Basically what it is, it is a statistical technique to determine
how people value different product attributes.
So if you have products with multiple attributes, and
one of those attributes of course can be price, we want to find a way to
understand how people will trade off one attribute for
another, or maybe price for a particular upgrade that you might be offering them.
I tell you right now, this is generally not something that's done in
like an Excel spreadsheet, there's specialized software for doing this work.
And in the resources we have some links to some technical papers,
that we'll discuss even more aspects of conjoint analysis.
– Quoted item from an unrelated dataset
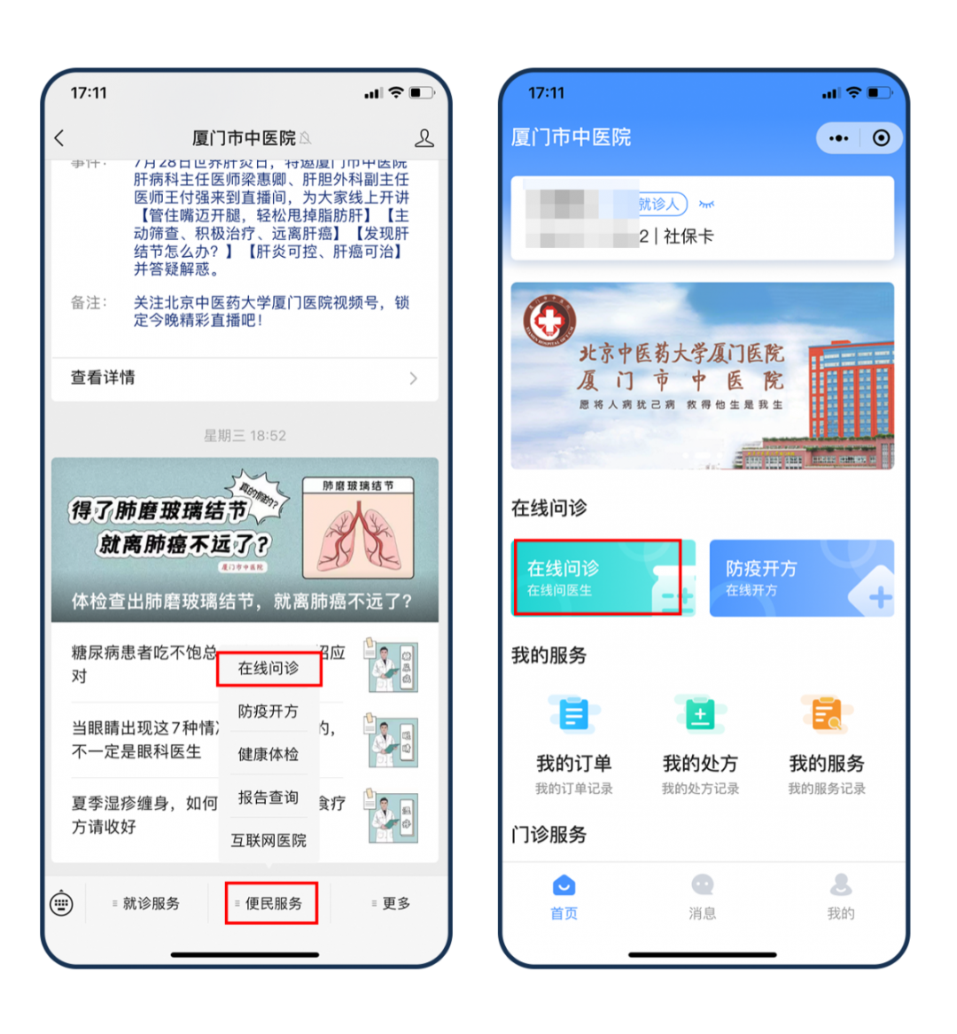 点击菜单栏【便民服务】-【在线问诊】,进入厦门市中医院互联网医院首页,点击【在线问诊】。

But we're going to discuss a lot of those aspects right here and right now.
So, conjoint analysis in its most basic form is not new.
It goes back to the 1970s and some operations research techniques.
If you don't know what operations research is,
all that is is the mathematical modeling of things like production processes.
Believe it or not, conjoint analysis which is a statistical technique for
preferences, comes out of the same mathematics used to look
at assembly line process and other kind of business processes.
That started in the 1970s.
In the 1980s it got a little more popular because people would use note cards,
and people would add access to software that would help them do regressions,
basic forms of regressions.
Specialized software started in the 1990s to do conjoint analysis.
And web-based interviewing techniques so
that people could gave you data via web application, started about 2005.
Now it's gotten really popular, and one of the reasons it's gotten really popular
is you get very quick results using things like online panel.
I'll just mention one, there are many of them.
Something called Amazon Mechanical Turk where you can literally go on online,
put your conjoint interview or your conjoint experiment online.
Go to bed, wake up the next morning, and
you've got a couple of thousand people that have filled this kind of thing out.
That's how fast it's gotten with online web-based interviewing techniques and
these panels that people sign up for.
Now, what are some of the applications?
Lots of different applications have conjoint analysis.
The first cellular telephone, I know that's a long time ago, but the first
cellular telephone by AT&T, was designed with an early form of conjoint analysis.
The Baltimore Ravens, the NFL team in Baltimore, designed their logo,
the famous, you've got kind of a purple raven right here,
which has attributes like color and design.
They used the conjoint analysis to design that.
Courtyard by Marriott, the whole hotel,
was design with the big conjoint study using business travelers as respondents.
FedEx started a new ground-based express service,
used conjoint analysis to measure preferences.
And IBM used it to design one of their microchips.
What are the attributes that people want to see in a microchip?
I know these are a lot of applications,
but I want you to see the breath of what it's capable of doing.
Dinner's Club which is a credit card.
Credit cards have a lot of attributes,
that was designed with the conjoint analysis, even a drug.
In this case, an anti-hypertensive for the heart, right?
Was designed with a conjoint analysis, so was The Ritz-Carlton, some of their
services in the Ritz-Carlton, UPS designed a new delivery service.
And finally, the United States Navy wanted more of their enlisted personnel
to re-enlist, to come back into the navy, and
they designed benefit packages for those who might consider re-enlisting.
And they used conjoint analysis to figure out what exactly did those enlisted people
want when we asked them would they want to re-enlist or not.